» TASK STATEMENT
The response should be the records below, repeated exactly, with each picture left out.

» PROVIDED DATA
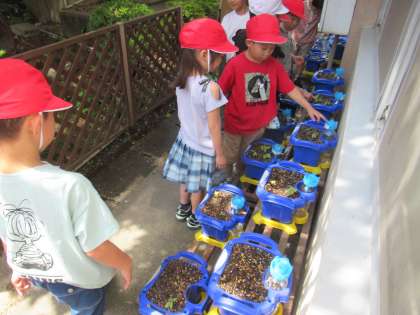 昨日はまだ芽が出ていない子もいましたが、今日はほとんどの子の植木鉢から芽が出ていて、子どもたちは大喜び。
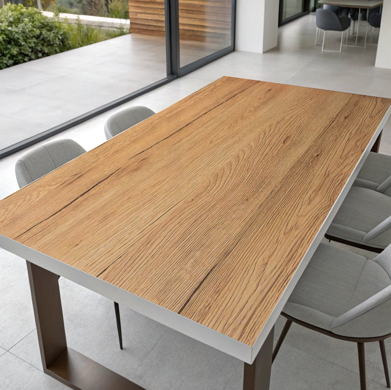 כיסוי שולחן דמוי עץ בגוון אורן טבעי עתיק. טקסטורה עשירה עם נימים עמוקים ומראה של עץ אמיתי. הגוון החמים והחי יוצר תחושת טבעיות, רוגע וחמימות נעימה בכל חלל.
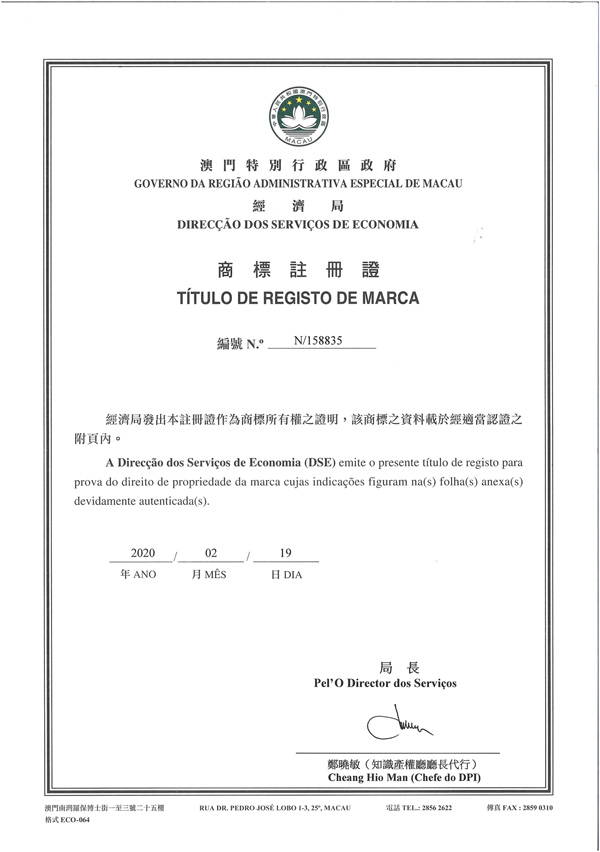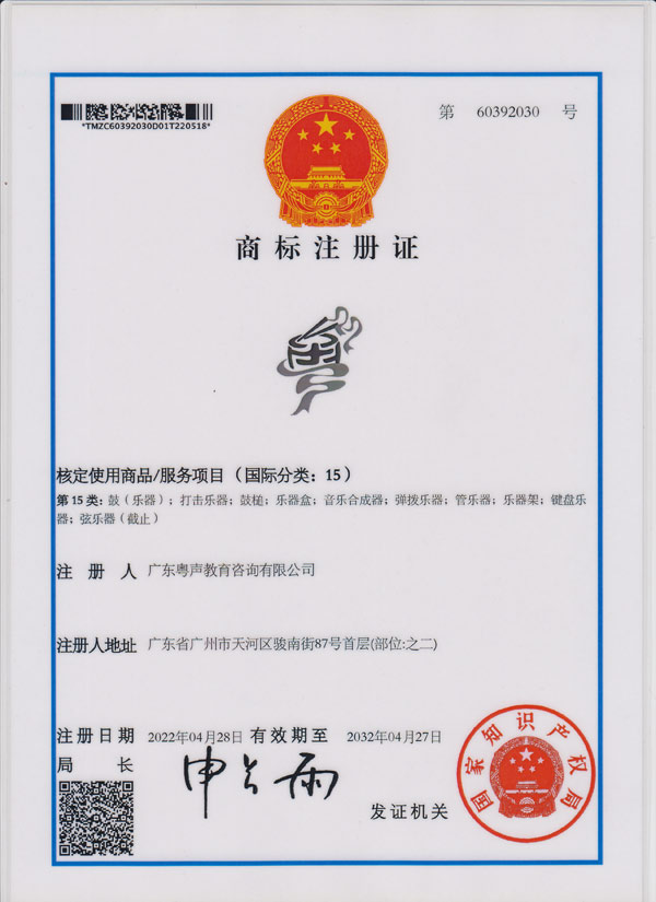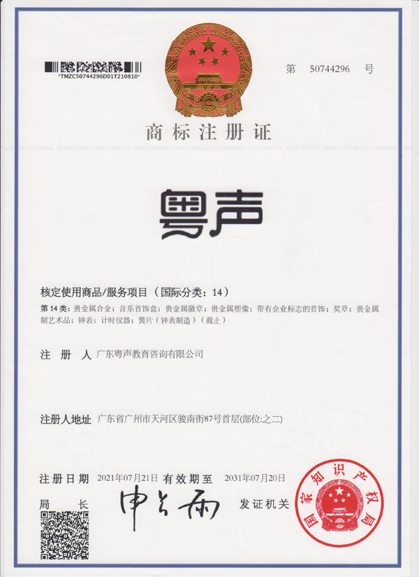 澳门商标注册证--粤声教育
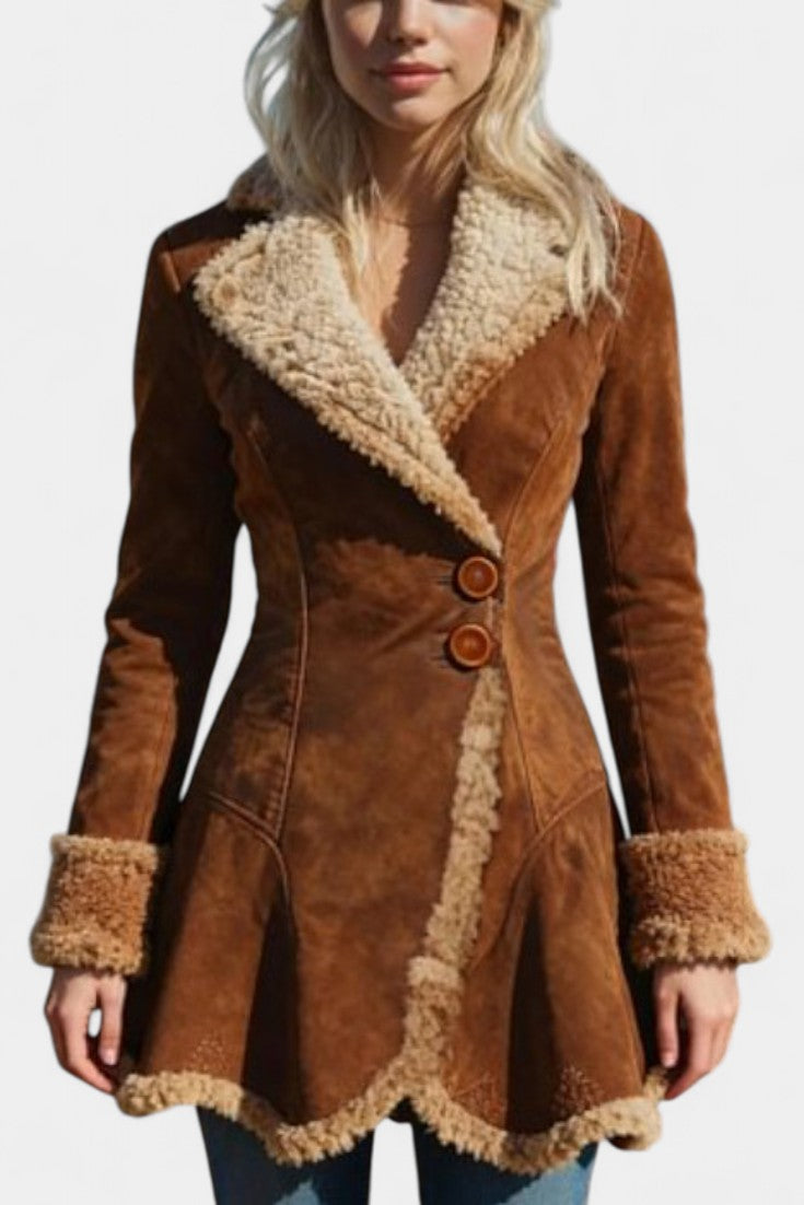 Sandra Manteau Long en Suède à Double Boutonnage et Garniture Noire
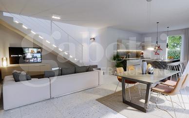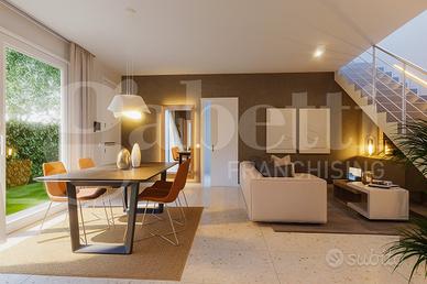 Inserita in un contesto privato, l'abitazione si sviluppa su due livelli ed è circondata da un ampio giardino esclusivo di 156 mq, fruibile attraverso una grande vetrata scorrevole che valorizza la luminosità e crea continuità tra gli spazi interni ed esterni.
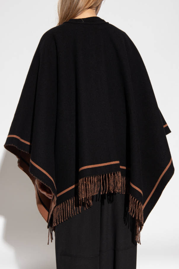 Black and brown poncho from FERRAGAMO. Made of wool, this style features a gold-tone metal Gancini hook closure and a fringed hemline.
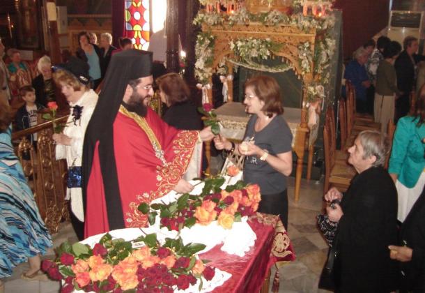 Ο προϊστάμενος του Ναού Αρχιμανδρίτης Φίλιππος Χαμαριάς είχε προμηθευτεί περίπου 500 κόκκινα τριαντάφυλλα.
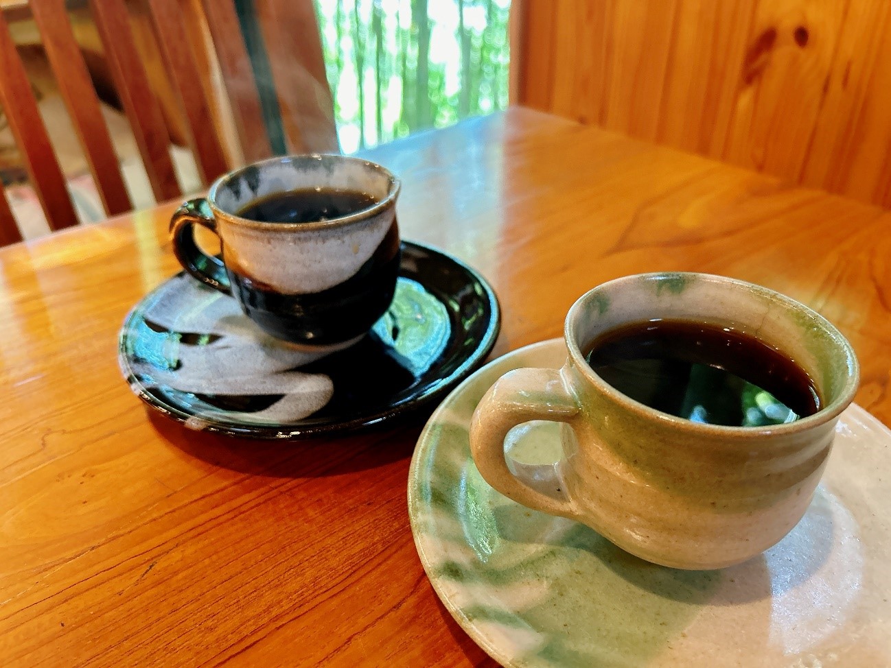 定番から季節限定商品まで、常時20種類程用意している「珈琲まめ坊」のラインナップ。地元陶芸作家さんの作品など青木さんセレクトの器でいただくコーヒーと、季節ごとに移りゆく表情を見せてくれる窓からの景色をぜひ楽しんでみてください。
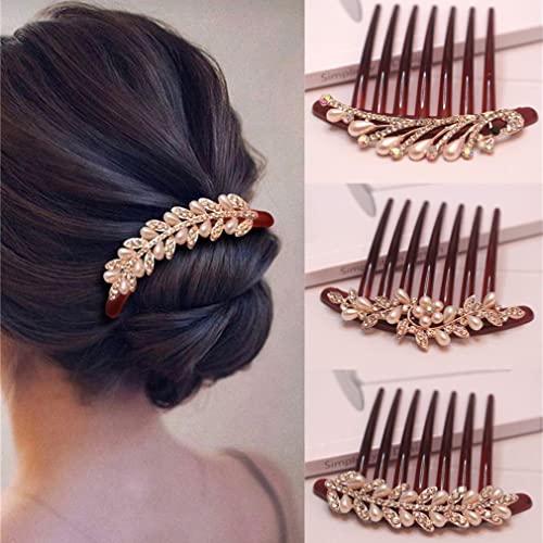 3 Pcs Pearls French Twist Hair Comb, Hair Side Comb Womens Hair Accessories, Girls Rhinestones Flower Hair Combs Wedding Headpieces Hair Holder Comb Tools Hair Accessory for Women Girls Wedding Daily Gift
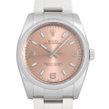 - デイトカレンダーを持たないシンプルな“オイスターパーペチュアル”です。ムーブメントはCOSC認定の自動巻きCal.3130を搭載。バーインデックスの夜光が大きく視認性も抜群です。ケースサイズがメンズとしては小ぶりな34mmのため、女性にもお勧めできます。
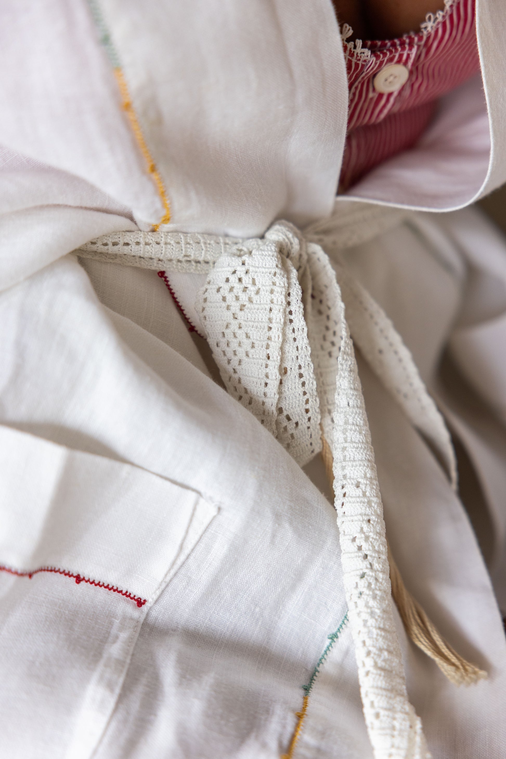 The Belt Ottoman is a luxurious and sophisticated accessory, hand-crocheted with fine detail and contrasting colors. This belt is inspired by a belt I found on an antique market in Istanbul. The original originates from 1850's ottoman time. Its intricate fringe adds a touch of elegance to your waist or neck, making it the perfect addition to any outfit. Elevate your style with this exclusive piece.
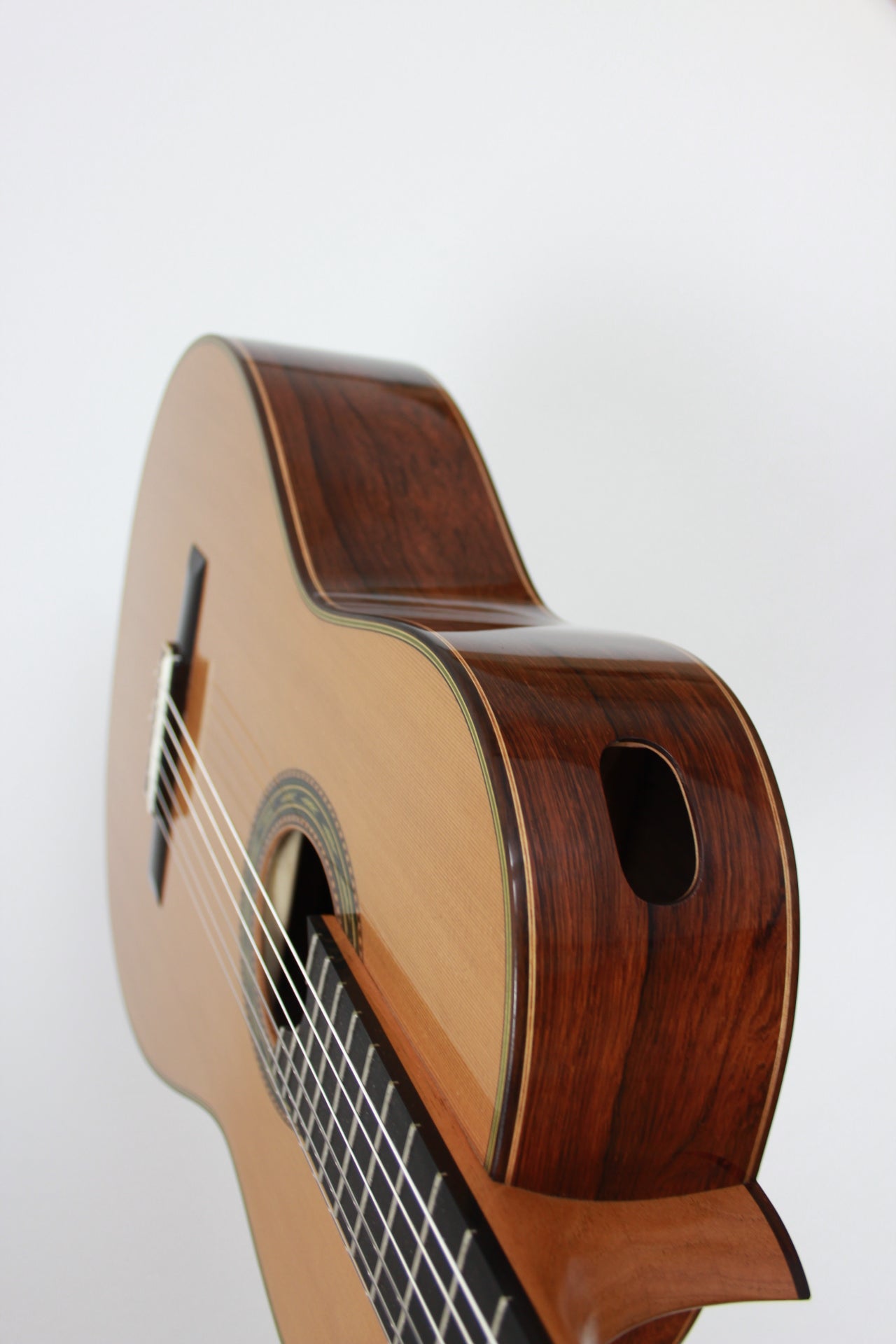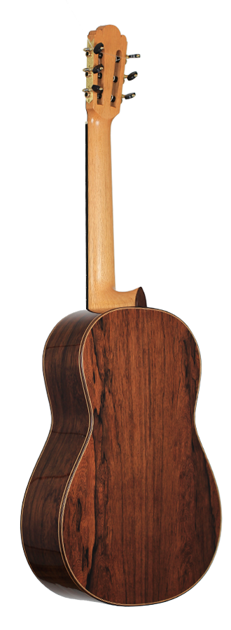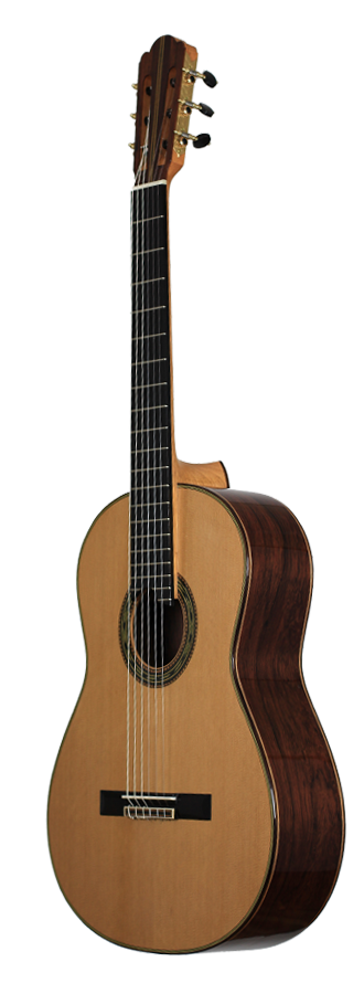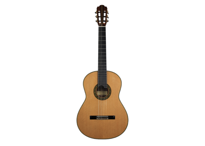 Cedar double top number 70 with Madagascar rosewood back and sides, 650 mm scale, elevated fingerboard, Alessi tuning machines, 12 hole bridge, oval soundport. D'Addario Pro Arte medium tension strings (except G which is Oasis carbon string). Included is a Hiscox PRO-GCL case.

» TASK RESULT
 昨日はまだ芽が出ていない子もいましたが、今日はほとんどの子の植木鉢から芽が出ていて、子どもたちは大喜び。
 כיסוי שולחן דמוי עץ בגוון אורן טבעי עתיק. טקסטורה עשירה עם נימים עמוקים ומראה של עץ אמיתי. הגוון החמים והחי יוצר תחושת טבעיות, רוגע וחמימות נעימה בכל חלל.
 澳门商标注册证--粤声教育
 Sandra Manteau Long en Suède à Double Boutonnage et Garniture Noire
 Inserita in un contesto privato, l'abitazione si sviluppa su due livelli ed è circondata da un ampio giardino esclusivo di 156 mq, fruibile attraverso una grande vetrata scorrevole che valorizza la luminosità e crea continuità tra gli spazi interni ed esterni.
 Black and brown poncho from FERRAGAMO. Made of wool, this style features a gold-tone metal Gancini hook closure and a fringed hemline.
 Ο προϊστάμενος του Ναού Αρχιμανδρίτης Φίλιππος Χαμαριάς είχε προμηθευτεί περίπου 500 κόκκινα τριαντάφυλλα.
 定番から季節限定商品まで、常時20種類程用意している「珈琲まめ坊」のラインナップ。地元陶芸作家さんの作品など青木さんセレクトの器でいただくコーヒーと、季節ごとに移りゆく表情を見せてくれる窓からの景色をぜひ楽しんでみてください。
 3 Pcs Pearls French Twist Hair Comb, Hair Side Comb Womens Hair Accessories, Girls Rhinestones Flower Hair Combs Wedding Headpieces Hair Holder Comb Tools Hair Accessory for Women Girls Wedding Daily Gift
 - デイトカレンダーを持たないシンプルな“オイスターパーペチュアル”です。ムーブメントはCOSC認定の自動巻きCal.3130を搭載。バーインデックスの夜光が大きく視認性も抜群です。ケースサイズがメンズとしては小ぶりな34mmのため、女性にもお勧めできます。
 The Belt Ottoman is a luxurious and sophisticated accessory, hand-crocheted with fine detail and contrasting colors. This belt is inspired by a belt I found on an antique market in Istanbul. The original originates from 1850's ottoman time. Its intricate fringe adds a touch of elegance to your waist or neck, making it the perfect addition to any outfit. Elevate your style with this exclusive piece.
 Cedar double top number 70 with Madagascar rosewood back and sides, 650 mm scale, elevated fingerboard, Alessi tuning machines, 12 hole bridge, oval soundport. D'Addario Pro Arte medium tension strings (except G which is Oasis carbon string). Included is a Hiscox PRO-GCL case.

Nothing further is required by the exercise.